To create EMR clusters and run MapReduce jobs, you have two options. You can use the GUI in the Amazon EMR console, and repeatedly copy and paste the same values in, or you can use the Amazon EMR Command Line Interface (CLI).
The CLI allows you to spin up and run jobs from your own terminal. Below is an example of running the Link Graph code on a single segment of the Common Crawl dataset using a cluster of 5 c1.xlarge spot instances using a c1.medium spot instance as the master.
./elastic-mapreduce --create --alive --name "Common Crawl GA: Link Graph" \
--instance-group MASTER --instance-count 1 --instance-type c1.medium --bid-price 0.5 \
--instance-group CORE --instance-count 5 --instance-type c1.xlarge --bid-price 0.5 \
--key-pair ec2_cloud_east \
--bootstrap-action s3://elasticmapreduce/bootstrap-actions/install-ganglia \
--bootstrap-action s3://elasticmapreduce/bootstrap-actions/configure-hadoop \
--args "--mapred-key-value,mapred.job.reuse.jvm.num.tasks=-1,--mapred-key-value,mapred.tasktracker.map.tasks.maximum=12" \
--jar "s3://cs205-ga/mr_code/commoncrawl-examples-1.0.1-HM-2013-12-8.jar" --step-name "Link Graph" \
--args "org.commoncrawl.examples.MetadataOutputSLDLinks,-out,s3://cs205-ga/output/,-overwrite,-numreducers,5,-combiner,-compression,-totalsegments,1"

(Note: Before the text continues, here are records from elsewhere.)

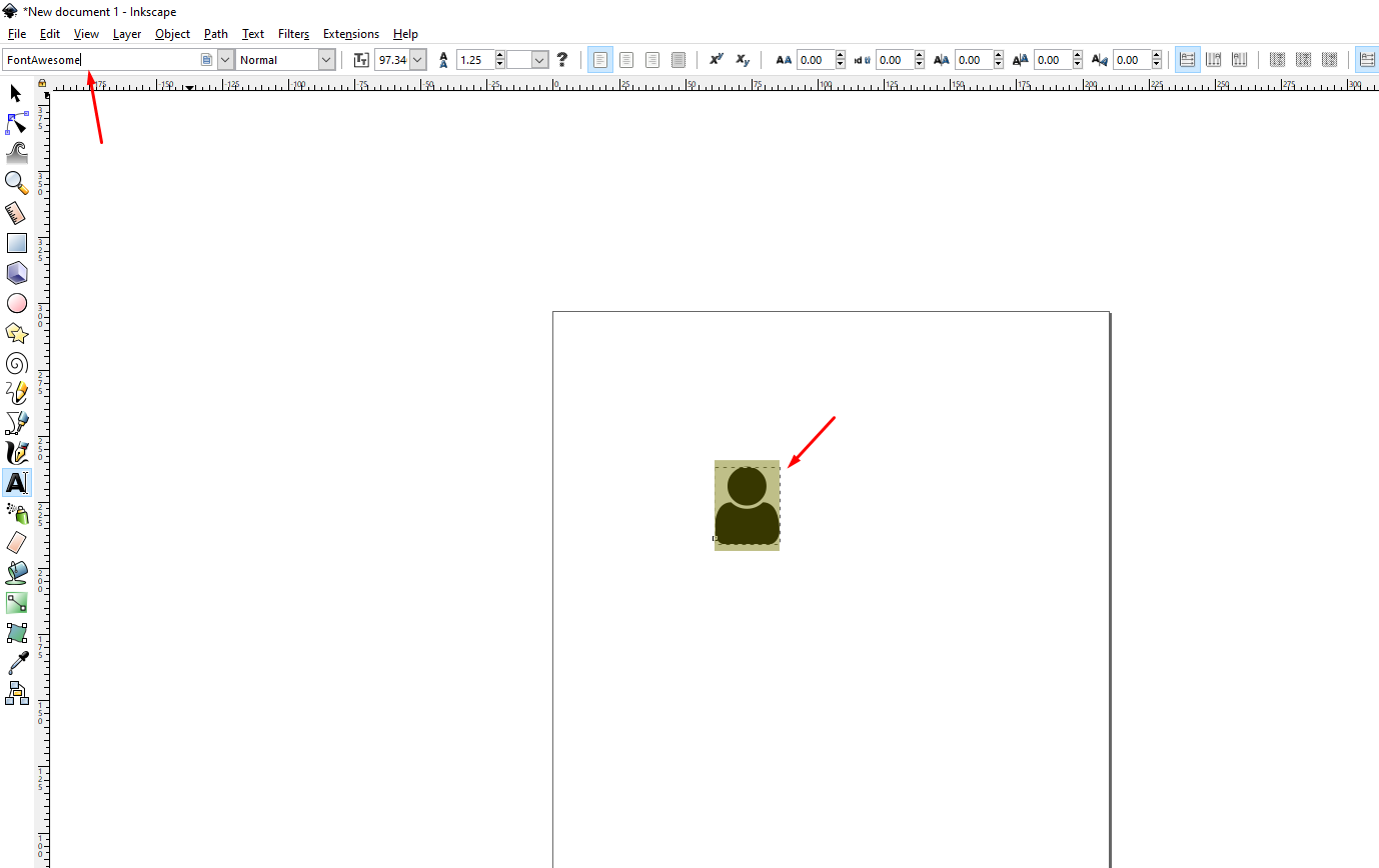 - Select font from top left in inkscape, install the font ttf/otf file in the system if the font is not available in dropdown, and reopen inkscape after font installation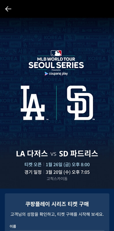 이번 서울 시리즈 티켓 예매는 쿠팡 플레이에서 독점으로 오픈하는 만큼 쿠팡 플레이 인스타와 mlb 공식 인스타에서 일정에 대한 소식을 가장 빠르게 받아볼수있다. 혹시 모를 일정 변동 또한 마찬가지이니 참고하도록 하자.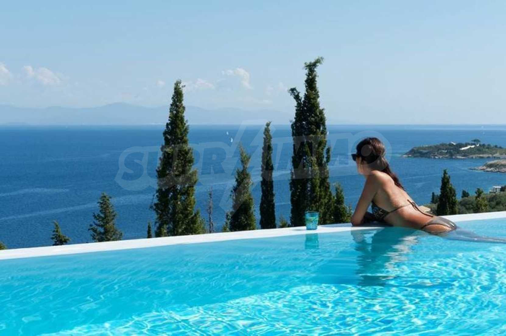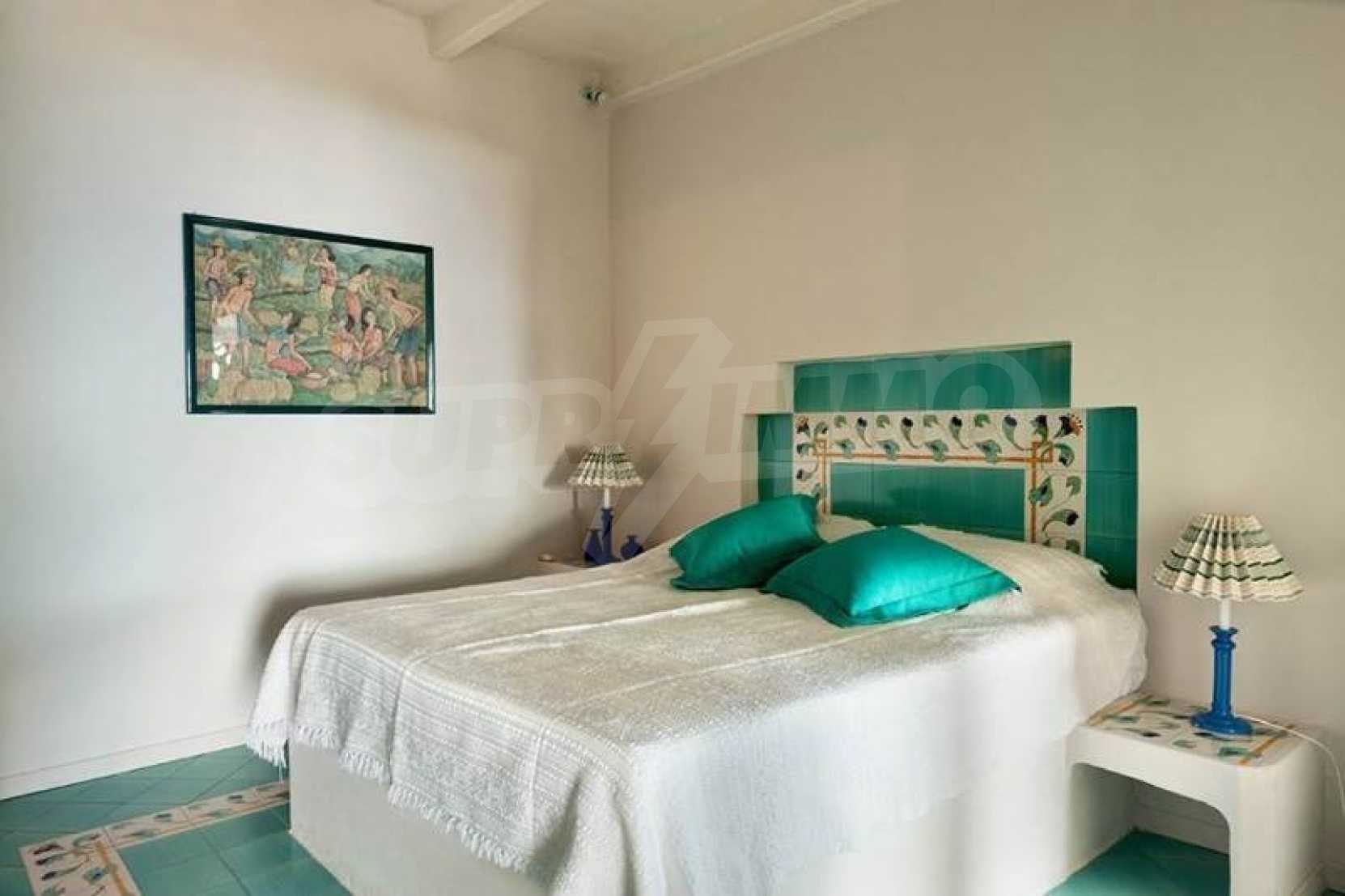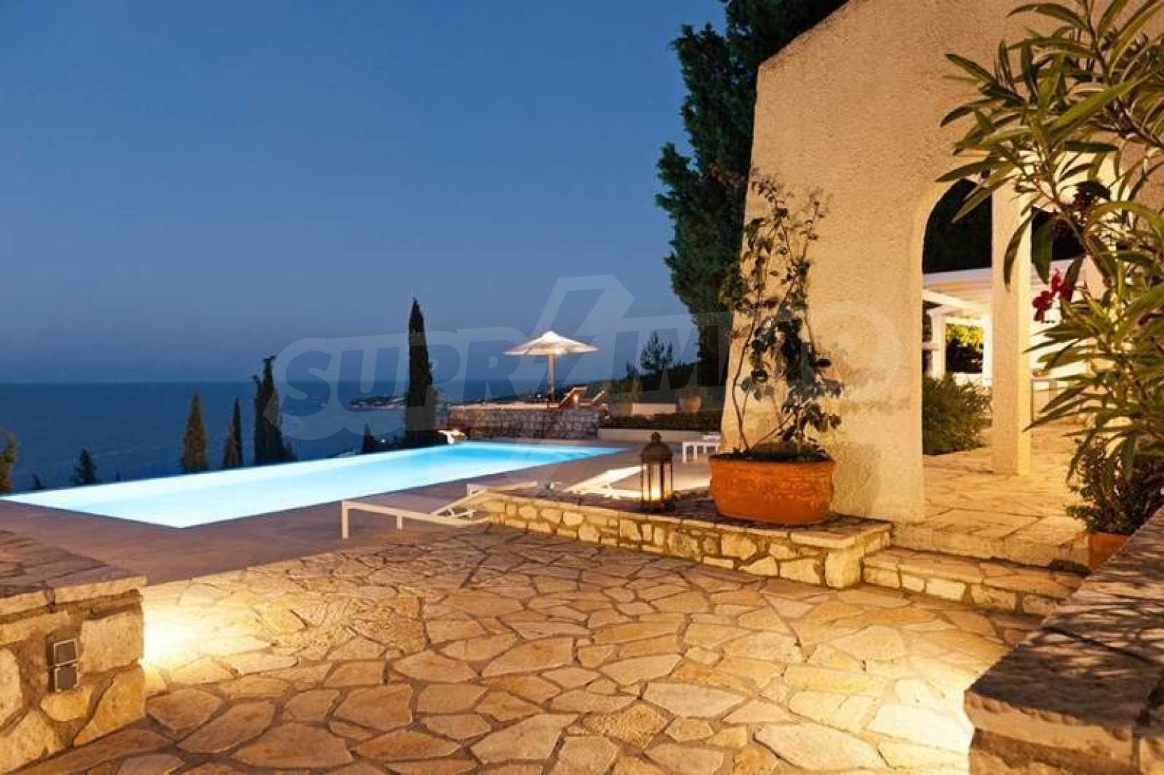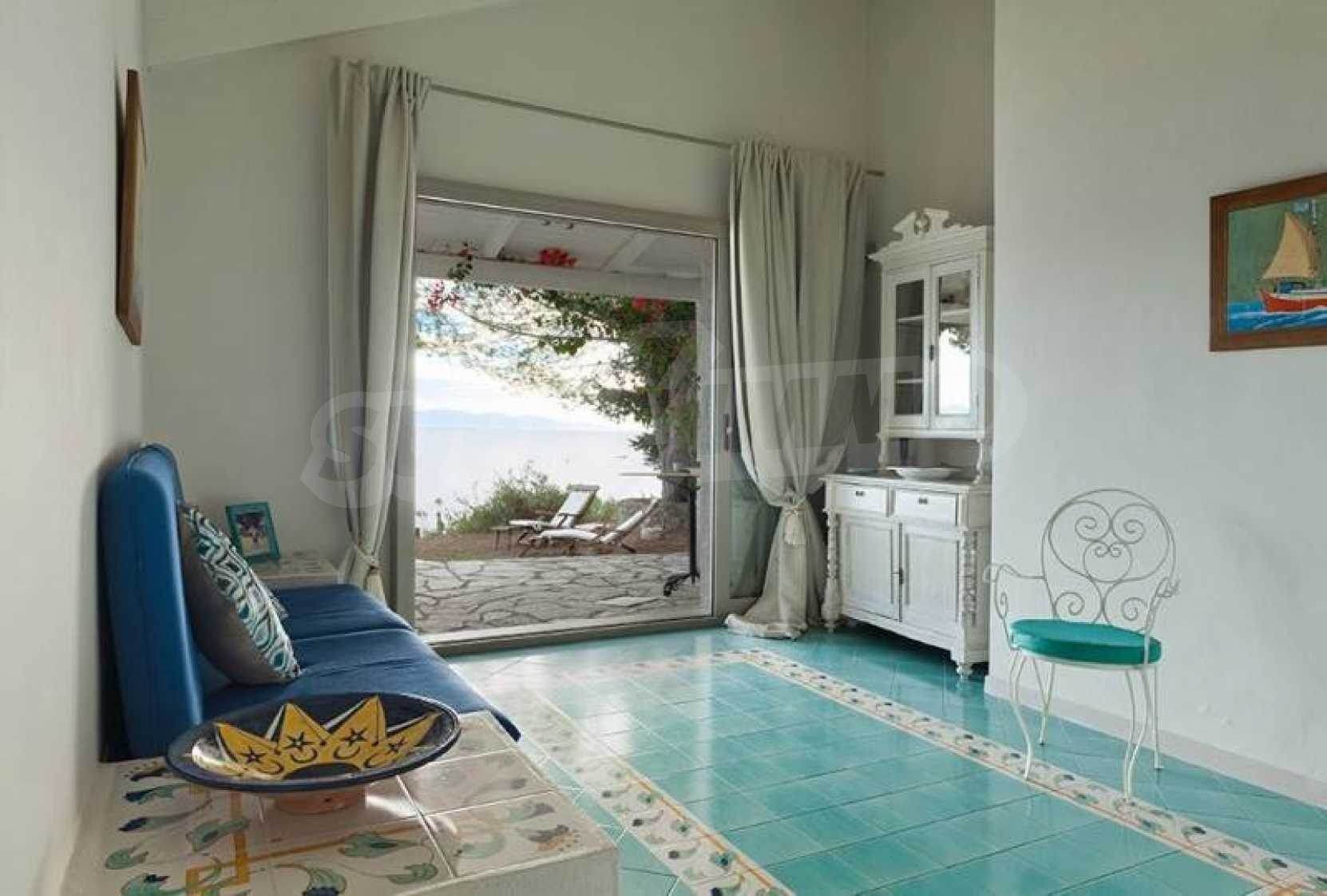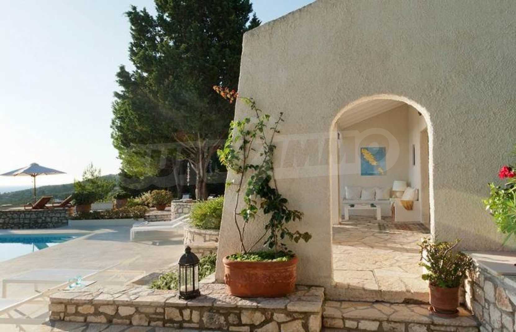 Комфорт, простота и фешенебельность-эти слова характеризуют виллу, которая продается на острове Паксос. Великолепное месторасположение, панорамные виды безбрежного голубого моря делают эту виллу необыкновенной. Бассейн и сад позволяют расслабиться и отдохнуть, набраться сил. Великолепная гостиная, которая позволяет нам наслаждаться морским видом и зеленью кипарисов, камин в гостиной облицован мрамором. Просторная и комфортная, удобная кухня снабжена самыми необходимыми бытовыми кухонными приборами. Всё окружающее пространство наполнено запахами цветов, кустарников и моря. Хочеться взять акварель и запечатлеть эти мгновения и палитру красок, корорую нам дарит каждый день пребывания на этом удивительном острове. Основные 3 спальни с ванными комнатами и балконами,которые открывают нам захватывающий панорамный вид. Спальня для гостей имеет встроенную кровать,стилизованную под 80-е года и ванную.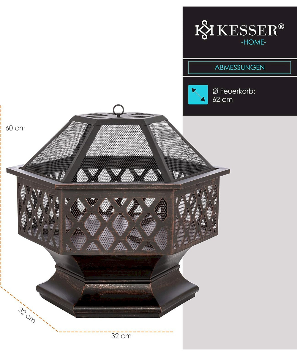 KESSER Feuerschale mit Grillrost 3in1 Feuerstelle Feuerkorb Funkenschutz Grill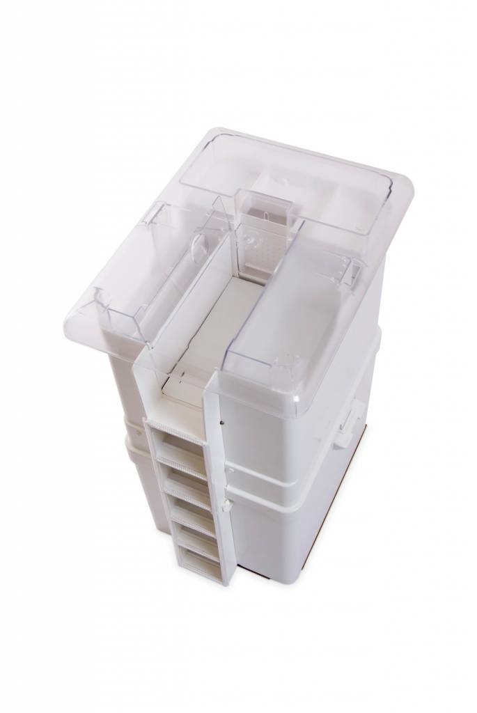Dit onderste compartiment is gevuld met een vloeistof. Hierdoor worden de gevangen ratten en muizen op een diervriendelijke wijze bedwelmd waarna ze zonder stress vrijwel direct sterven. De dieren worden door de vloeistof op natuurlijke wijze geconserveerd. Door de uitgekiende techniek en de samenstelling van de vloeistof is dit apparaat absoluut veilig, reukloos en hygiënisch.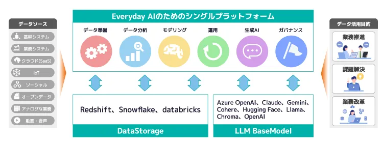 Dataikuは、データの準備や分析、機械学習モデルの構築から、生成AIの実装、さらには運用管理やガバナンスに至るまで、すべてのプロセスを一元的に管理することができます。具体的には、以下の特徴があります: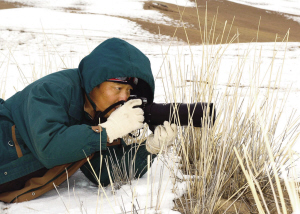 生態(tài)攝影家、環(huán)保衛(wèi)士葛玉修在野外拍攝。 孔祥瑞攝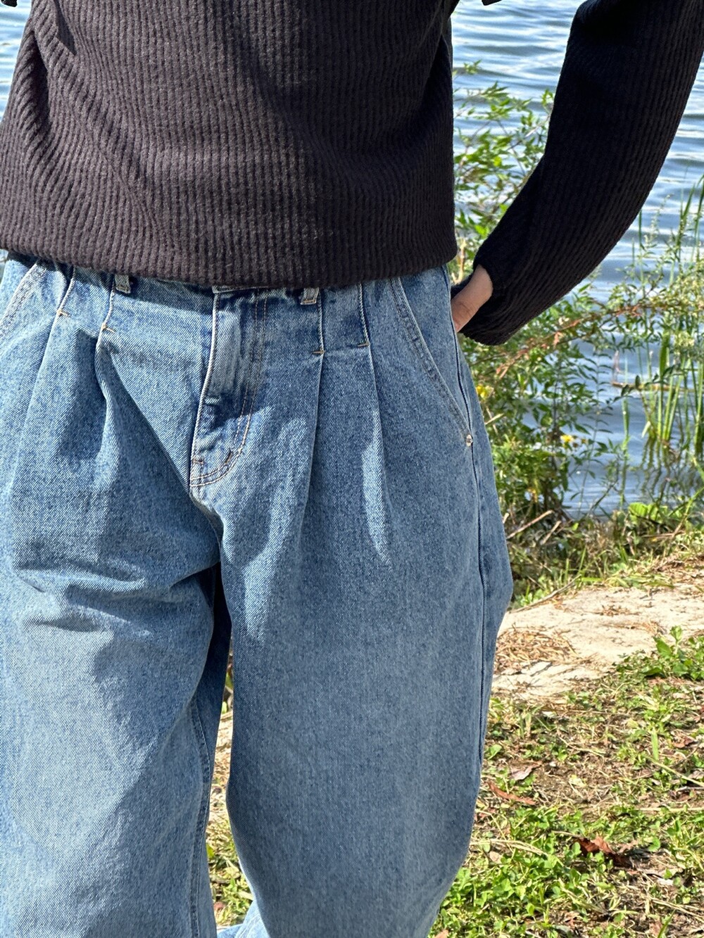 앞 판에 투턱 고인치 디테일이 가리기 너무 아까워서 배바지로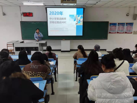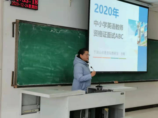 12月24日下午,威廉williamhill英语专业教研室邀请了平顶山市教育局调研室、教师资格证面试评委李辉老师在图书馆L716进行了中小学教师资格证面试专题讲座,威廉williamhill一百多名教师资格证考生参加了此次讲座。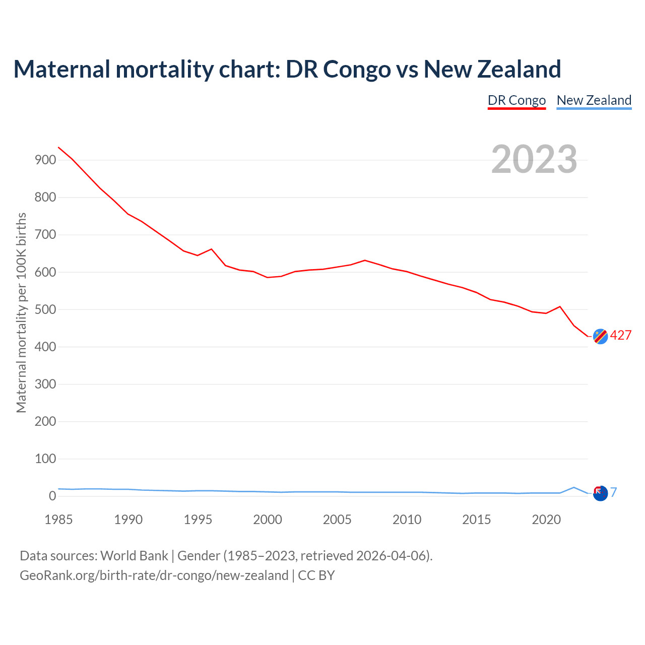 The maternal mortality rate, which is the probability of dying during childbirth or within 42 days of pregnancy termination, is 427 deaths per 100,000 live births in the DR Congo, compared to 7 deaths in New Zealand.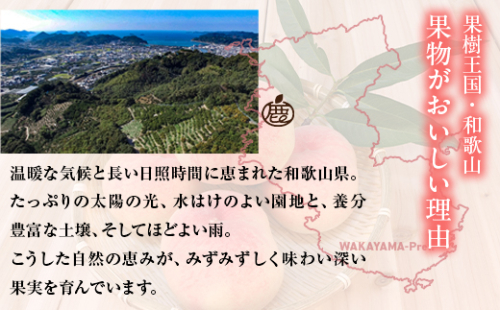 和歌山県は西日本一の桃の産地!和歌山県は果物の栽培に恵まれた環境がそろっています。それは温暖な気候、そして水はけの良い土壌。水はけが良いところで桃を栽培すると、果実は常に水分不足の状態で濃厚な味わいを生みだします。果実はふんわりやわらかくジューシーで上品な香りも特徴。夏の暑い頃、果汁したたる甘い桃をぜひお楽しみください。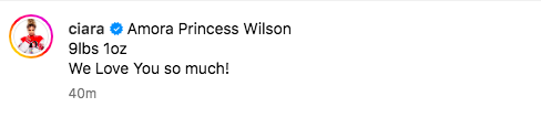 Ciara’s husband, NFL player Russell Wilson, commented under the adorable picture “Amora!!!”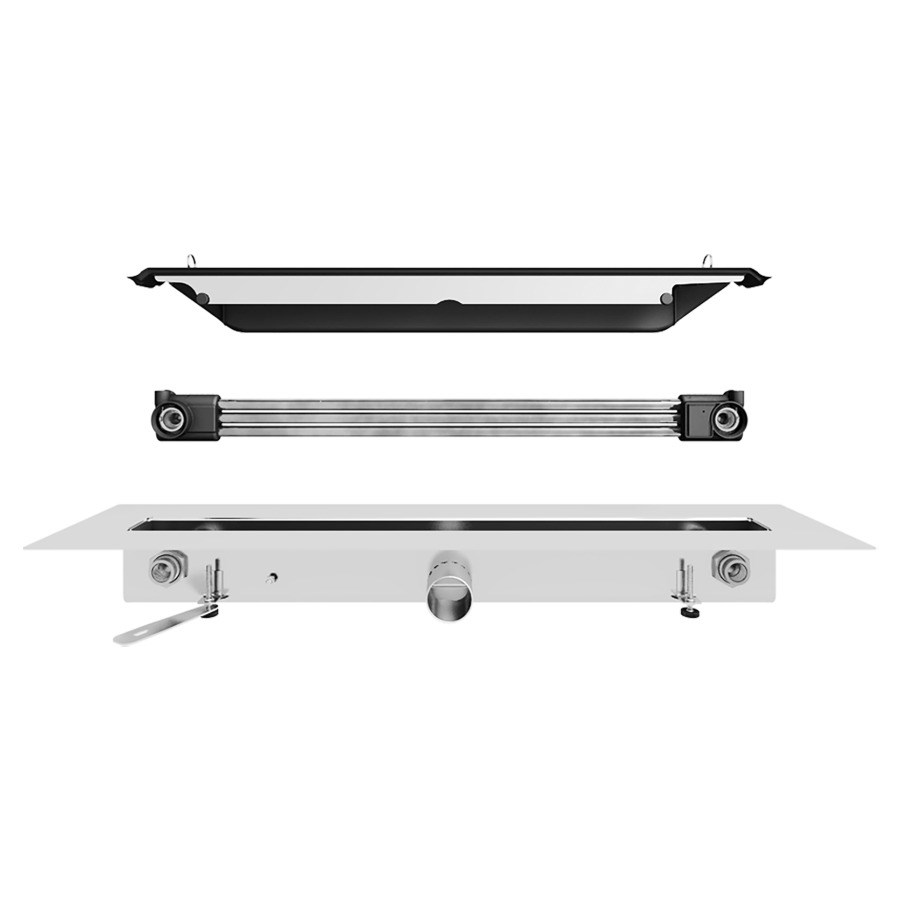 Gesamtlänge 87,3 cm, für exklusive Bodenbeläge, integrierter, 3-Rohr-Wärmetauscher, Ablauf Mitte, horizontaler Abgang, Sperrwasserhöhe , 50 mm, 48 l/min, akustischer, Leckagemelder, mit DT-Siphon, ohne Abdeckung, standard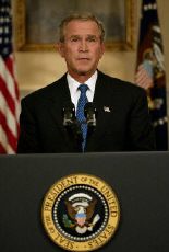 布什周日晚黃金時段在白宮發(fā)表十五分鐘的電視講話,闡述美國對伊政策。他沒能回答民眾關(guān)心的美軍何時從伊拉克撤回?伊拉克的大規(guī)模殺傷性武器在何方?薩達姆下落何處等問題。相反,布什把伊拉克描述成反恐中央前線,并有不惜代價,不達目的不罷休之意。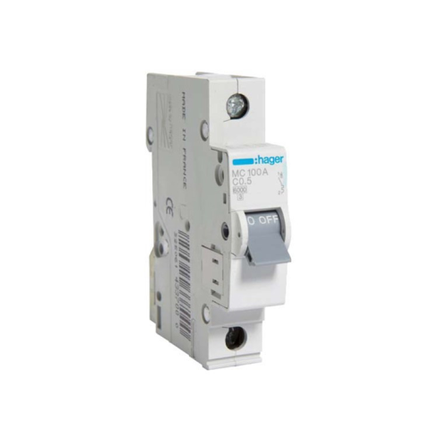 1 kép Hager MC100A Kismegszakító 1P, C-0,5A, 6kA/10kA, 1M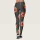 HAMbyWhiteGlove aka HAMbWG Havaí leggings temáticas com cinza de carvão, flores de hibisco por toda parte e as palavras havaianas para amor, espírito e família (Aloha, Uhane e Ohana)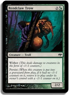 Wither (This deals damage to creatures in the form of -1/-1 counters.) Persist (When this creature is put into a graveyard from play, if it had no -1/-1 counters on it, return it to play under its owner's control with a -1/-1 counter on it.)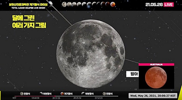 개기월식 중계영상은 보현산별빛축제 유튜브에서 다시 보기를 할 수 있다.

Note that the command line arguments to the JAR ("overwrite,-numreducers,5,-combiner,-compression" and so on) are all joined together, separated by commas.
For detail on what each of these options refers to, check out the Amazon EMR CLI documentation.
Once this command has been run, you should see output similar to.
If you'd like to see the continued status of the cluster, you can either run ./elastic-mapreduce --list --alive
or use the GUI in the EMR Console.
smerity@pegasus:~/Coding/cs205_ga$ ./elastic-mapreduce-cli/elastic-mapreduce --list --active
j-2814ESI4Q6WMI BOOTSTRAPPING ec2-54-196-14-162.compute-1.amazonaws.com Common Crawl GA: Link Graph
PENDING Link Graph
To use the Ganglia or Hadoop job tracker web interfaces, we need to forward ports from the Hadoop master node to your local machine.
First, we need to find the address of the Hadoop master node.
smerity@pegasus:~/Coding/cs205_ga$ ./elastic-mapreduce-cli/elastic-mapreduce --list --active
j-1F2CSIRBN12TH RUNNING ec2-54-211-14-43.compute-1.amazonaws.com Common Crawl GA: Link Graph
RUNNING Link Graph
The command above tells you that the master node's address is ec2-54-211-14-43.compute-1.amazonaws.com
.
From this, we can run
ssh -L 9100:localhost:9100 -L 8001:localhost:80 [email protected] -i ~/.ssh/amazon/ec2_cloud_east.pem
to connect to the machine. Ensure you substitute your SSH private key as appropriate.
The relevant web pages will be at localhost:8001/ganglia/ and localhost:9100 for Ganglia and the Hadoop job tracker respectively.
The Amazon EMR GUI does show progress logs, but does so in a slow and temperamental fashion. If you want up to the second updates on the status of the job, you either need to use Hadoop's job tracker or view the log files themselves.
# View all of the logs files produced by Hadoop
tail -f /mnt/var/log/hadoop/*
# View just the progress log files
tail -f /mnt/var/log/hadoop/steps/*/syslog
Occasionally you will realize you are either running the wrong job or a job has started acting temperamentally. The Amazon EMR GUI does not provide any options to kill a job in progress. In the worst case, this means we may need to wait for an extremely slow job to complete before we can run our next job with the proper options.
To fix this, we can kill a job by SSHing to the Hadoop master node itself.
hadoop@domU-12-31-38-04-22-65:~$ hadoop job -list
1 jobs currently running
JobId State StartTime UserName Priority SchedulingInfo
job_201312122051_0002 4 1386881935669 hadoop NORMAL NA
Once we know the Job ID of the offending task, we can kill it.
hadoop@domU-12-31-38-04-22-65:~$ hadoop job -kill job_201312122051_0002
Killed job job_201312122051_0002
Other useful commands are listed on the Hadoop manual command guide.